As part of my final year of University we were asked to design, create and document a large scale project using any programming language or technologies we desired. The project was first proposed as a Real Time Strategy / Simulation game featuring procedural terrain generation. The initial idea was that a task would be delegated i.e. building a house by the player, and then the NPC characters would intelligently queue other smaller tasks in order to achieve the overall goal together. In this case finishing construction on the house would be the end goal to complete. After a short period of analysing the feasibility of the proposal, I decided to focus on two aspects of the proposal; procedural terrain generation and pathfinding. Concentrating on these two areas meant that I could fully explore the topics individually, as well as how they interact with each other as game features.

The project was built using the Unity3D engine, the motivation behind this stems from research I had done prior to starting development on the project relating to custom game engines for solo projects. There are so many powerful and feature-rich game engines currently available for public use that creating a custom game engine from scratch doesn’t make much sense for a solo project. After spending a year working mainly with C# at Fujitsu in Germany I also thought it would be appropriate to put my experience with C# to use for the script files. An advantage of working with Unity is being able to prioritise gameplay mechanics over technical obstacles. Unity scripts allow for incredibly rapid prototyping which can streamline the life-cycle of the project, removing a lot of the debugging and testing demanded from in-house game engines.
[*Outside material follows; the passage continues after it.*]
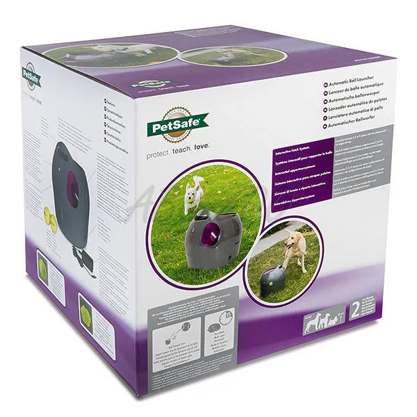 Aparat de lansare cu bile impermeabil pentru utilizare externă și internă. Este posibil să setați 9 setări de distanță diferite (de la 2,5 m până la 9 m) în 6 unghiuri diferite (întotdeauna în unghi de 45 °). Lansatorul automat este potrivit pentru orice câine care se poate juca cu o minge de tenis și ajunge la gaura de aruncare care este plasată la 28 cm deasupra solului.

Procedural terrain generation is done in the project by generating layers of Perlin noise known as ‘octaves’ and combining them together in what is known as ‘fractal noise’. Below are two real examples of fractal noise generated within the project, showing the differences between zero and many octaves of noise and the effect it has on the overall noise. As can be seen, more octaves increases the detail of the noise and is more pleasing to the eye. The figure on the left shows a section noise with 0 octaves, while the right figure shows a fractal noise with 8 octaves.

Sections of fractal noise are then interpreted as elevation data to shape the terrain. Areas of noise closer to white represent values closer to 1 while black indicates a value tending towards 0. With this information we can transform the vertices in a flat plane mesh to show the shape of the terrain. The result of this can be seen below.

wireframe terrain

Terrain mesh

A custom shader is then used to texture the terrain according to height with overlapping areas which allows for blending between textures. Resources are then placed at varying densities according to height including trees, rocks and grass. This system was designed in such a way that the user can add any number of game objects to the resource pool and they will be distributed throughout the landscape.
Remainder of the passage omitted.